Telling the Truth

connecting the dots of my life

Category: Spiritual Formation

Slippery words

Slippery words fly through hot air
Smiles and flourishes promise happy days ahead –
But at what cost and for whom?

Another committee ‘collaborates’ behind closed doors –
Working toward freedom and justice for all?
Or for the chosen few. . . .

What would it take to halt double-speak
about things that touch all our lives?
Are we willing to pay that price?

Imagine our nation shaped by listening
rather than speaking loudest or longest –
Do we have the guts to go there?

© Elouise Renich Fraser, 15 May 2017
Response to WordPress Daily Prompt: Collaboration

endless beauty

Final —
A heavy word
for dreamers of today

Shuffling through
the watercolor exhibition
my eyes fall on a small tangle
of blue-greens and light pinks
composed and serene
within a gothic arched mat

Exquisite detail sharply defined
invites my eyes to linger
on each small leaf,
each tiny stem and blossom
flourishing at ground level
within trailing vines of small ivy

The work of yesterday’s dreamer
who found endless beauty
lying at his feet

Yesterday D and I were at the Philadelphia Art Museum to see a special exhibition of watercolors from the 1800s and early 1900s.

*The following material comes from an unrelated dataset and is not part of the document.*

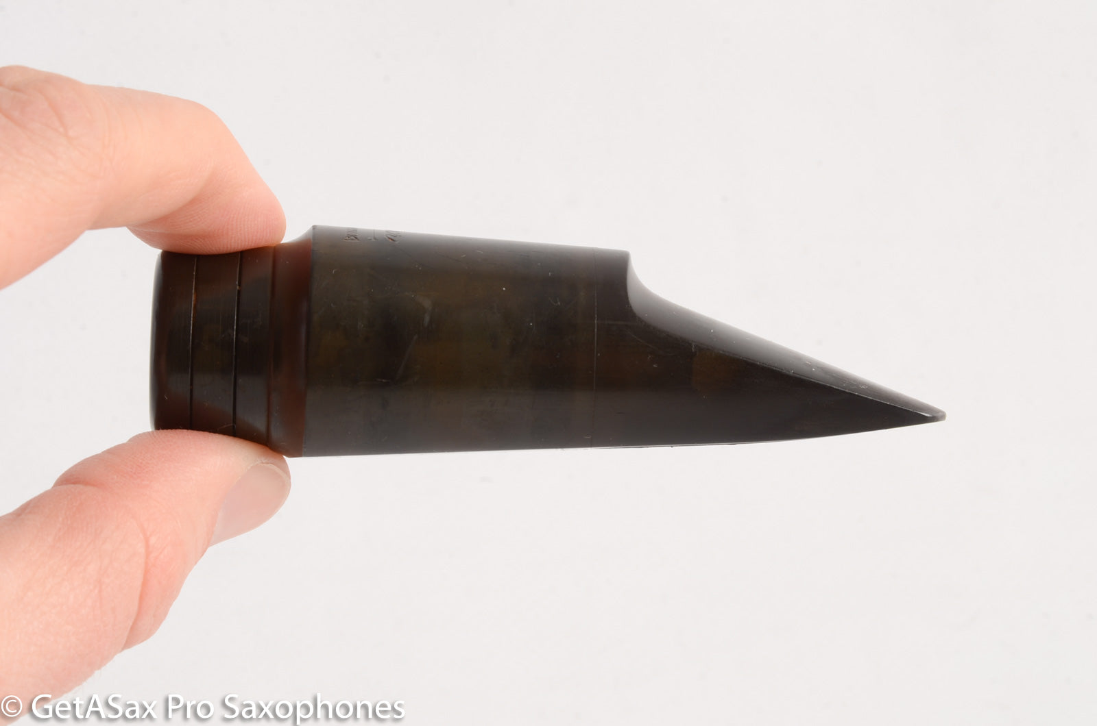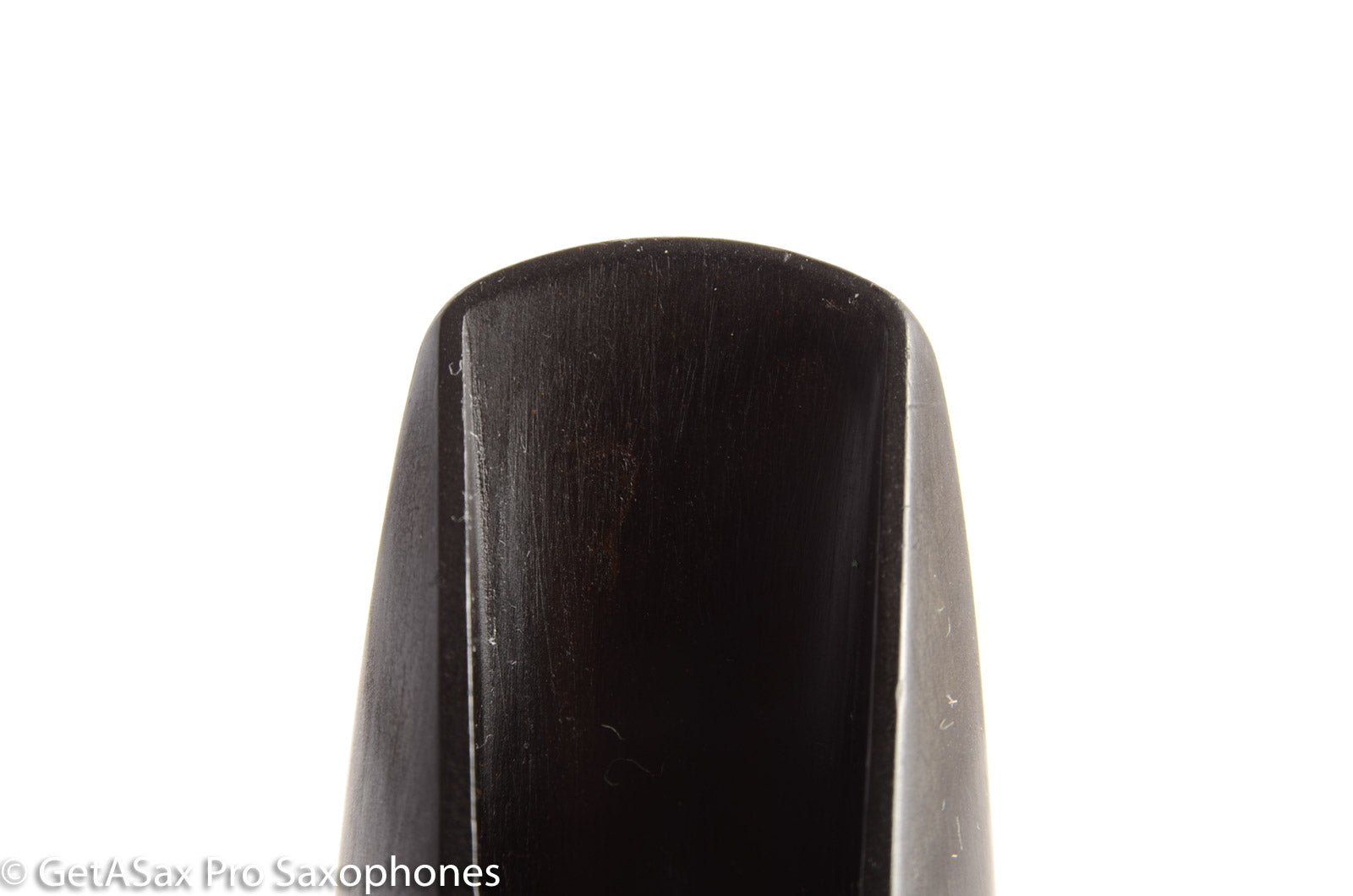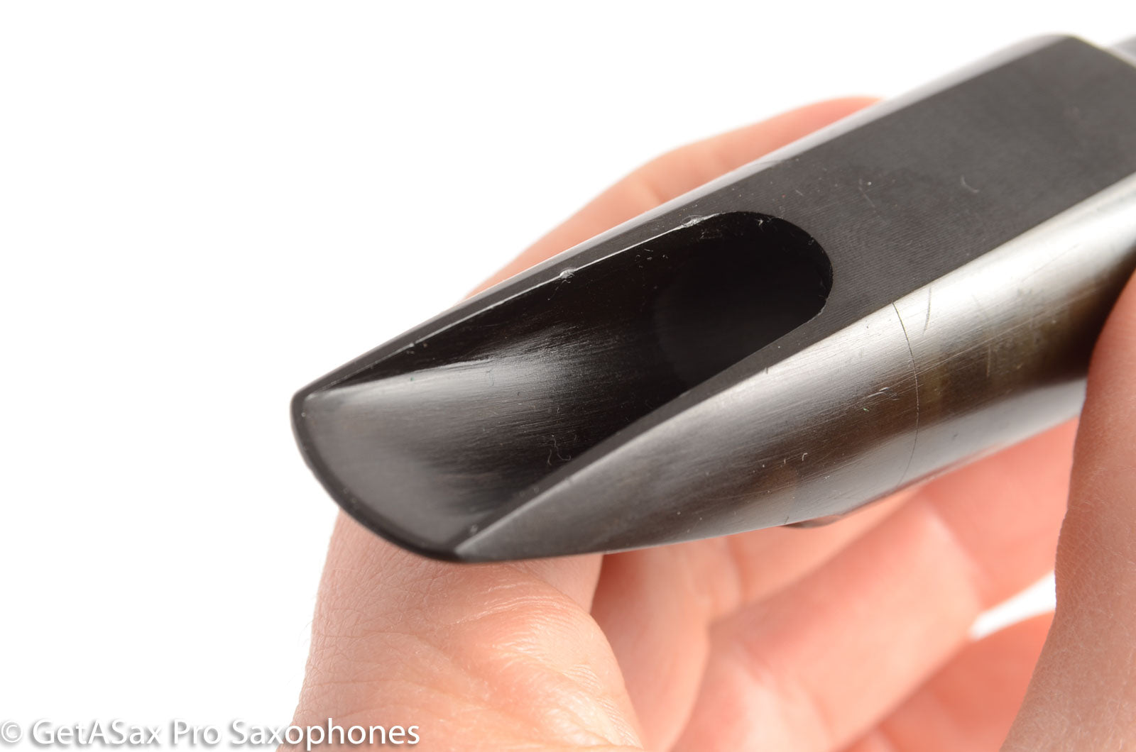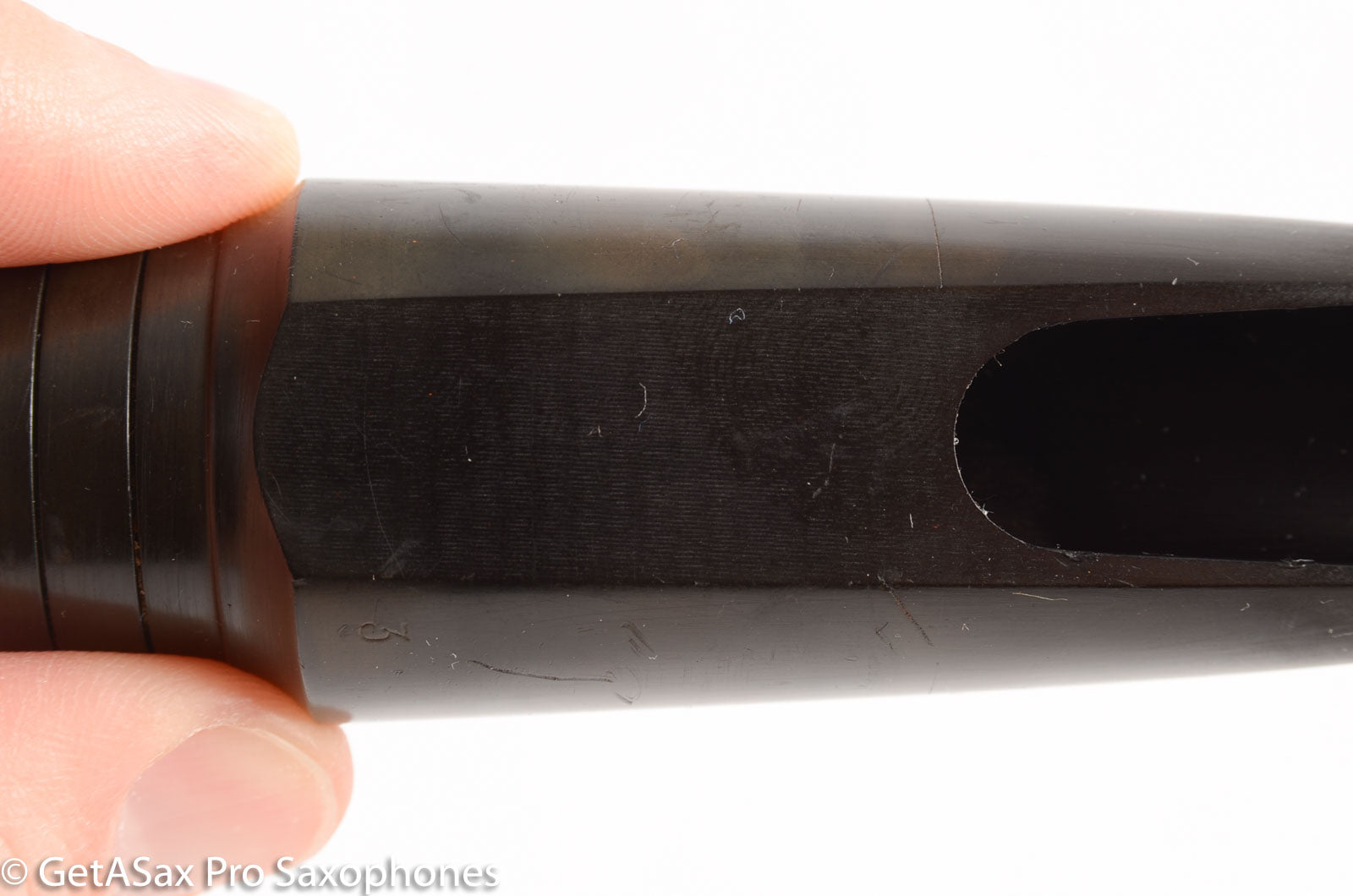 Lightly scooped sidewalls, large chamber, short rollover baffle. Tip opening measures 0.078". This piece has moderate to high resistance, and unusually good projection for this small of a tip opening. Nice denim marks on the table, and good even rails. The tone tends towards dark, but with a buzziness that can provide some tonal flexibility. It would make a great intermediate player piece as is or get it refaced for a budget Dukoff Supersonic clone.

I was captivated by this artist’s vision and clear determination to paint the small things. In part because the possibilities were endless, no matter where he looked.

I couldn’t help thinking about my writing–especially now, as my world seems to be shrinking. I found this artist’s vision challenging and encouraging. He gave up trying to paint the big things. Partly because so many were already doing that. More than that, he was captured by his love for painting ‘into’ the small things.

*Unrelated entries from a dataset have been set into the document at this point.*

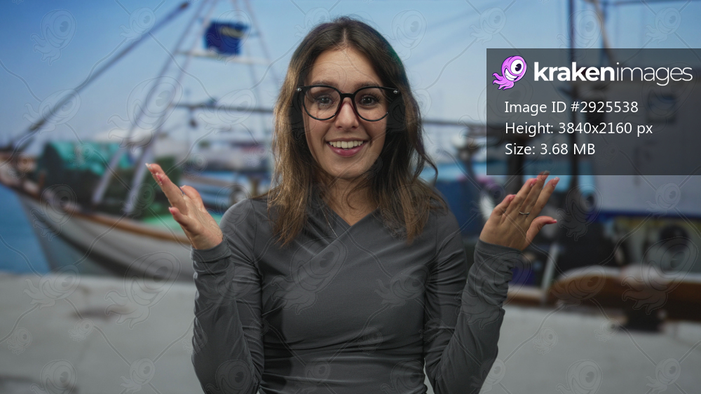 Woman with hands covering mouth at port pier beside moored boats and dock wearing glasses and smiling; surprise wonder.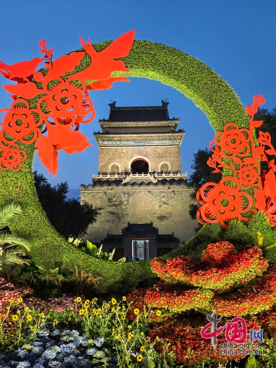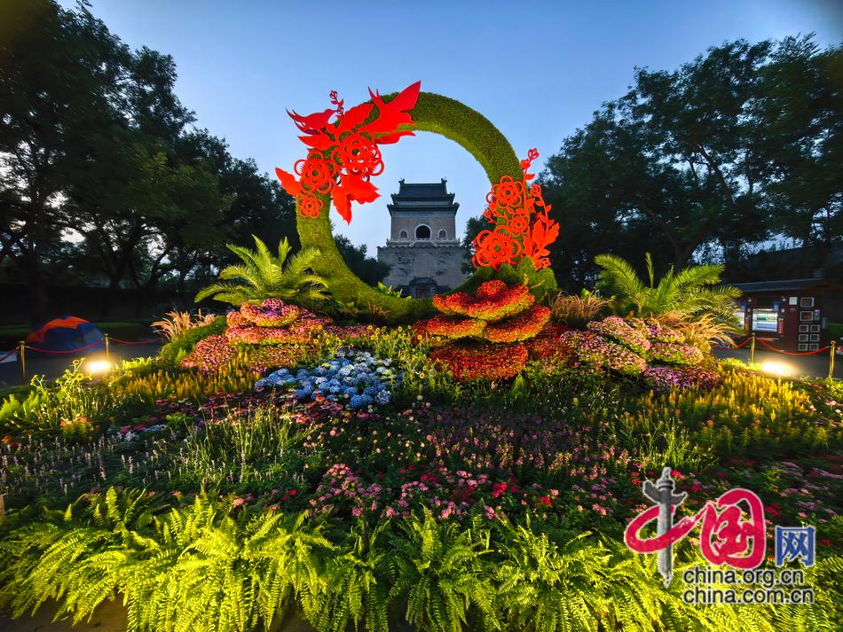 位于北京中轴线北端的钟鼓楼广场,“钟鸣花韵”花坛是北京市东城区为纪念中国人民抗日战争暨世界反法西斯战争胜利80周年布置的,设计以五色草圆环为主景,采用透景方式,将远处钟鼓楼与近处花卉造景融为一体,寓意历史长河中的永恒守望,见证民族从抗争到复兴的壮阔征程。9月中旬,北京多处抗战胜利主题花坛相继转换为国庆花坛,继续成为市民和游客的热门打卡点之一。(来源:中国网 作者:张爱东 特别鸣谢:施奕娜 马士英 汪艺 李健生 贾宜良 爱琳 静林傅伟 杨桂华)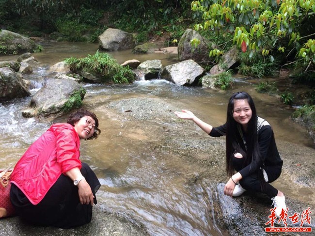 几位女孩执意解开鞋带褪去袜子,欢快地跳上一块光滑湿溜的卵石,用脚掌轻触流水,感受溪水的澄澈与清凉。潺潺溪水声,银铃般笑声,如珍珠撒落玉盘。这时,同行的摄影老师不断地按下快门,将一张张笑脸定格在相机里。

There’s nothing final about vision, is there? Seeing into the smallest details of life gives me joy and a sense of purpose. A way of connecting with others as I’m connecting more deeply with myself and my spiritual development.

Elouise

© Elouise Renich Fraser, 13 May 2017
Photo credit: DAFraser, May 2017
Ivy-covered wall inside the Conservatory at Longwood Gardens
Response to WordPress Daily Prompt: Final

I don’t know where to begin…

So I’m just going to blunder along for a bit. Which is, I’m told, the best way to begin. I think Eeyore would agree with me.

I’m a total novice when it comes to Chronic Kidney Disease (CKD). It wasn’t on my horizon and it isn’t in my family of origin.

But that doesn’t matter now. I have it. Stage 3A. In fact, I probably passed ‘Go’ well over a year ago without even knowing it.

So here I am. Floundering around, lurching through each day with emotional highs and lows, energy highs and lows, eating highs and lows, and little sense of overall wellbeing.

High means I’m upbeat, alert, happy to be alive, and at peace with my body. Giving happy hugs to D.

Low means I’m virtually asleep, can’t move a muscle including my brain, and don’t want to look at another healthy smoothie or make another easy-to-chew soup or stew. Weeping silently or openly. Collecting hugs from D as needed.

Do I feel sorry for myself? No, I don’t. Nor do I ask God, “Why me?” There are millions of us out there with this disease. What I regret is the relative invisibility of the disease—often until it’s too late.

Which raises the question of my status. You might think Stage 3A out of 5 stages is fairly decent. Answer: It is and it isn’t. It’s better than Stage 3B. That’s when you start talking about what’s coming in Stage 4 (preparation for the end game). Followed quickly by Stage 5 (dialysis, kidney transplant and, sooner or later, death).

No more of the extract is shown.